Sur ce point, le présent cas laisse subsister des doutes. Il est certain qu'un membre de la commission a bien pris part au vote du 13 juillet 1962, mais a été absent pendant une partie de la séance précédente et précisément à celle où trois autres personnes ont été entendues au sujet du requérant en l'absence de ce dernier. Nous ne savons pas si les autres membres de la commission ont bien informé cet absent. On peut aussi se demander si cette information était suffisante ou si le principe de
l'information directe doit s'appliquer à la procédure d'intégration. Cependant, sur ce point aussi, il nous semble qu'on peut se dispenser de recueillir des informations complémentaires car, en tout cas, les autres vices de procédure qui viennent d'être indiqués suffisent pour annuler l'avis de la commission d'intégration.
2) Enfin, dans cette procédure également, le grief d'insuffisance de motifs dans l'avis de la commission d'intégration a été soulevé.
Il ne nous paraît pas indiqué de le rejeter simplement en se référant à l'arrêt Leroy, bien que la forme extérieure de l'avis que nous avons à apprécier ressemble à celle de l'affaire 78-63. En effet, le requérant fait valoir que la référence au rapport du supérieur hiérarchique ne remplace pas un exposé des motifs, car ce dernier, dans son résultat final, était en faveur du requérant, alors que l'avis a été négatif.
Cependant, en fin de compte, il ne semble pas qu'il y ait une violation de l'obligation de motiver. Les motifs décisifs pour l'avis défavorable sont contenus dans celui-ci même (manque de conscience, manque de ponctualité). Ces deux points précisément font aussi l'objet de la note «insuffisant» dans le rapport d'appréciation. La référence au rapport ne semble donc pas illogique, car naturellement la proposition du supérieur hiérarchique ne lie pas la commission dans son appréciation finale.
3) Après tout ce que nous venons de dire, il ne semble pas nécessaire d'examiner le grief de fausse appréciation des faits. Le requérant peut obtenir satisfaction sur ce point si, après annulation de l'avis de la commission d'intégration, la procédure d'intégration doit être rouverte pour lui. C'est là que se trouvera l'occasion véritable de discuter de questions de faits, et non pas devant la Cour qui pourrait tout au plus se prononcer sur leur influence sur le jugement de valeur qui a été porté
mais qui ne pourrait pas procéder elle-même à une appréciation d'ensemble.

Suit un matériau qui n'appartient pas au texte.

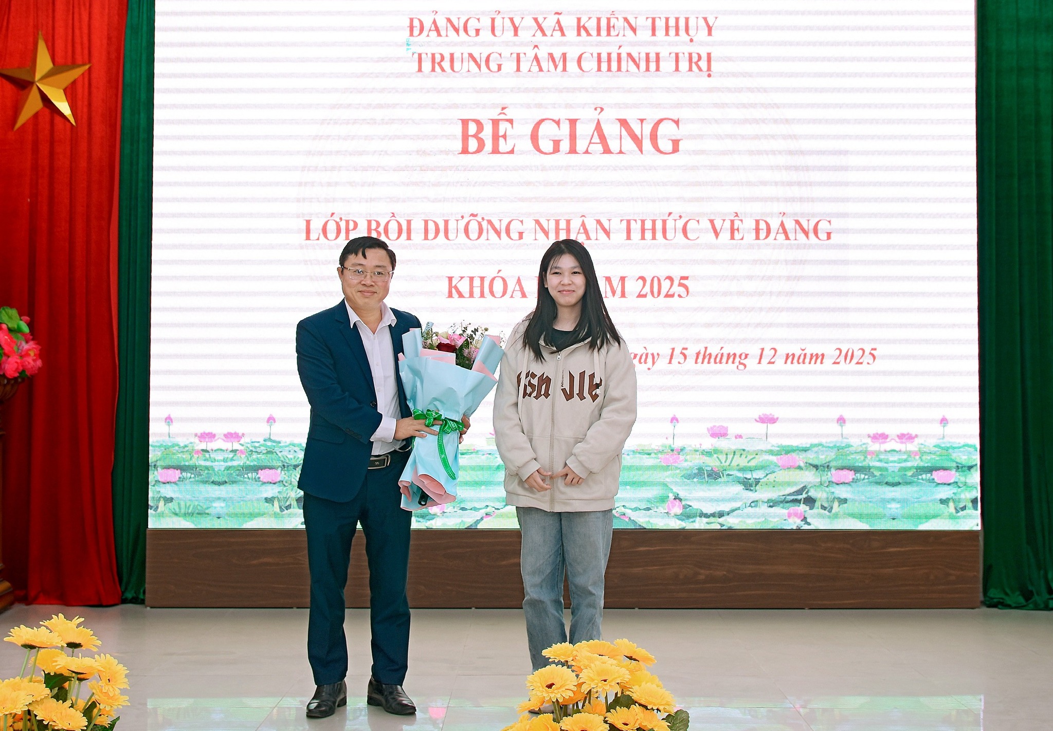 Sáng ngày 15/12/2025 Trung tâm Chính trị xã Kiến Thuỵ tổ chức Lễ Bế giảng lớp Bồi dưỡng nhận thức về Đảng khoá II năm 2025 dành cho Tân binh lên đường nhập ngũ năm 2026 và học sinh ưu tú các Trường THPT trên địa bàn 5 xã: Kiến Thuỵ, Kiến Hưng, Kiến Minh, Kiến Hải, Nghi Dương.

III. Sur la demande de dommages-intérêts dans sa nouvelle version, nous renvoyons à nos remarques dans l'affaire 78-63.
IV. Pour nous résumer, nous en arrivons de ce fait aux conclusions suivantes.
Même sans tenir compte des offres de preuve du requérant, la Cour peut prononcer l'annulation de l'avis de la commission d'intégration et de la décision de licenciement, avec cette conséquence que le requérant doit être soumis à nouveau à la procédure d'intégration.
Les conclusions tendant à condamner la Commission au paiement du traitement à partir de la date de licenciement sont justifiées quant au fond.
La Commission devra enfin supporter les dépens, parce que le recours était justifié dans son ensemble.